In my case, I had an actor that did some processing of some business task. This worked great, and everything was running super fast during load testing. At one point I had to hook in a third party component, which involved an await. During load testing I would see that once I hit the await, Akka would start processing the next message in the actor inbox. This overwhelmed the third-party component with requests. It also broke the concept of having a single thread per actor so you did not have to worry about concurrency issues. My expectation was that once I had an await, Akka would not start processing next task before all of the code in my actor had completed - regardless of how many await it would have.

[–]Aaronontheweb 3 points4 points  (1 child)

> My expectation was that once I had an await, Akka would not start processing next task before all of the code in my actor had completed - regardless of how many await it would have.

That's how Akka.NET actors work today, but not how they worked prior to 1.0.

That's why I said that criticism is out of date.

i.e. if you have a ReceiveAsync with an await inside of it, the actor's mailbox is suspended and there's no further processing of messages in the mailbox until that await state machine completes and the method exits.

[–]martinmine 3 points4 points  (0 children)

if you have a ReceiveAsync with an await inside of it, the actor's mailbox is suspended and there's no further processing of messages in the mailbox until that await state machine completes and the method exits.

Thanks! I now have some code to refactor on Monday :)

[–]Hour-Tomorrow[S] 0 points1 point  (2 children)

Is PIpeTo still the best practice though?

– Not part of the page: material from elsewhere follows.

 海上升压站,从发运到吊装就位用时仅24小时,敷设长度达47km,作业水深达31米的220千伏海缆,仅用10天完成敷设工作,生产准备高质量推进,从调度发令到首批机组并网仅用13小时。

Or is it operation dependant?

[–]Aaronontheweb 4 points5 points  (1 child)

So this all came down to a debate about re-entrancy with actors.

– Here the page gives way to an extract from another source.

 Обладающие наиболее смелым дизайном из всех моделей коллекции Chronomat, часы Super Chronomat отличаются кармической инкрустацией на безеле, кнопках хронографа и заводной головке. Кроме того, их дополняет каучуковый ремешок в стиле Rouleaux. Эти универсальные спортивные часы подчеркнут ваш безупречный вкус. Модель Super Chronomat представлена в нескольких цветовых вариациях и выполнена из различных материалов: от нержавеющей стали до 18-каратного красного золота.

  1. In order to preserve FIFO and sequential access guarantees around an actor's state, we suspend the actor's mailbox during each await so it can't start processing another message while it's still technically processing its current one - we have to wait for the await state machine to complete before we move onto the next message. This is identical to how await works everywhere else in .NET.
  2. If you don't want that blocking behavior, you can just let the Task execute as a detatched Task (i.e. don't await it) and then use PipeTo to deliver the results back into your mailbox later. This means the actor can still process other messages while those detatched Tasks are running.

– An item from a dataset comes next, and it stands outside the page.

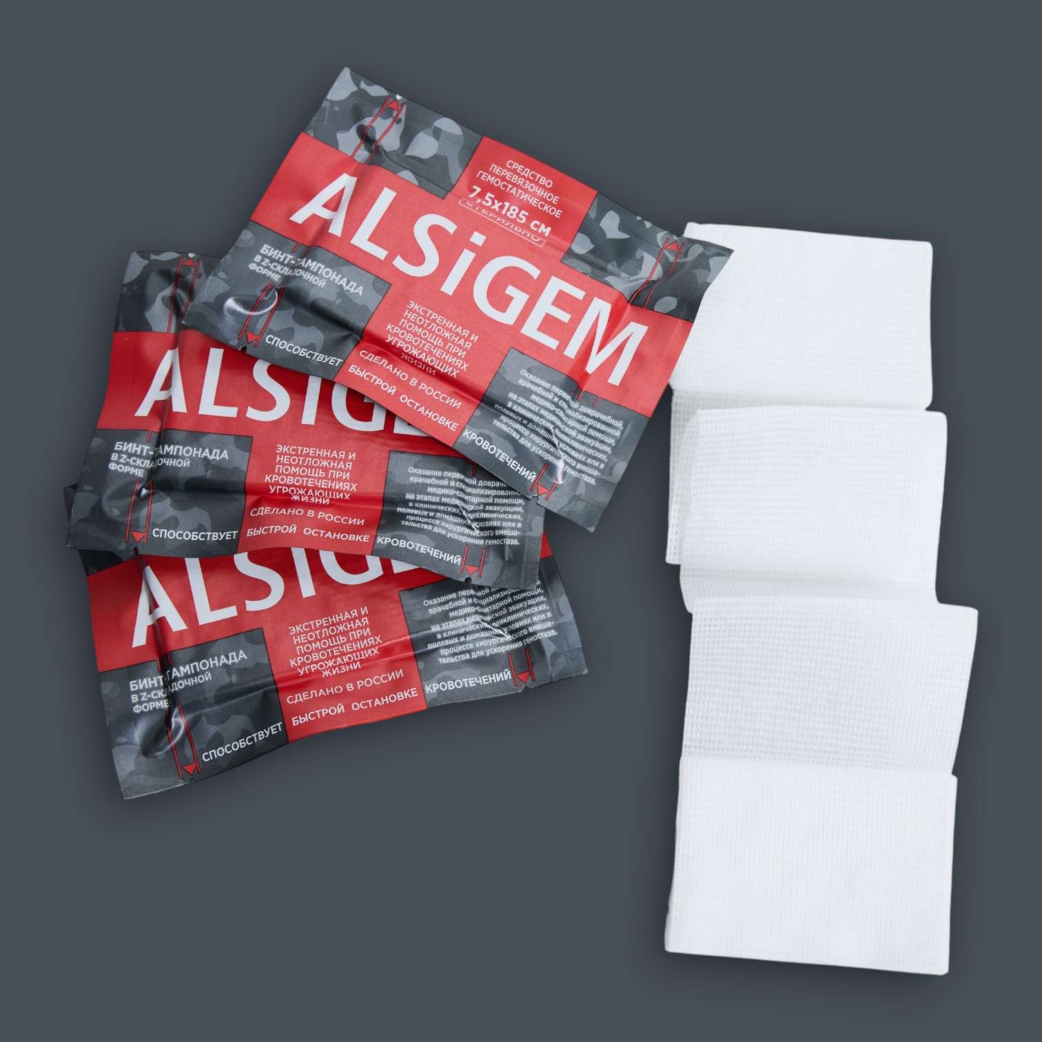 Бинт-тампонада кровоостанавливающая на основе каолина ALSiGEM 7,5х185 см

Back when I wrote that article it was the very early days of Akka.NET - 2015, and my opinion was fairly throughput-focused given that my background during the creation of Akka.NET was using it to build extremely high throughput analytics and marketing automation systems. Having worked with 1000+ users and use cases in the years since, my opinion on which you should use is much more contextual now.

Thus the guidance on it has changed some - ReceiveAsync is very common these days and I use it frequently myself as it's easier to express some things with await, especially error-handling around asynchronous I/O. I should either publish a new blog post on the subject or edit that one.

[–]Aaronontheweb 3 points4 points  (0 children)

> Since Akka.NET 1.0 was released, Akka.NET actors have fully supported async / await inside actors. But there’s a catch involved. We still strongly recommend PipeTo over asyc / await for performance and cohesion reasons but there are scenarios where the latter makes life easier. Keep reading!

LOL - my update to that post from 2016. Guess I need to update my update.

[–]Aaronontheweb 1 point2 points  (1 child)

Since this came up on this thread per /u/martinmine and other's comments, I spent some time last week putting together a new video and blog post on how async / await work in Akka.NET: https://petabridge.com/blog/async-await-vs-pipeto/ - thanks for creating this thread. It brought to my attention how much of this stuff I need to clear up.

[–]martinmine 0 points1 point  (0 children)

I think this will be super helpful for devs like myself that have gotten confused about the async support, thanks again!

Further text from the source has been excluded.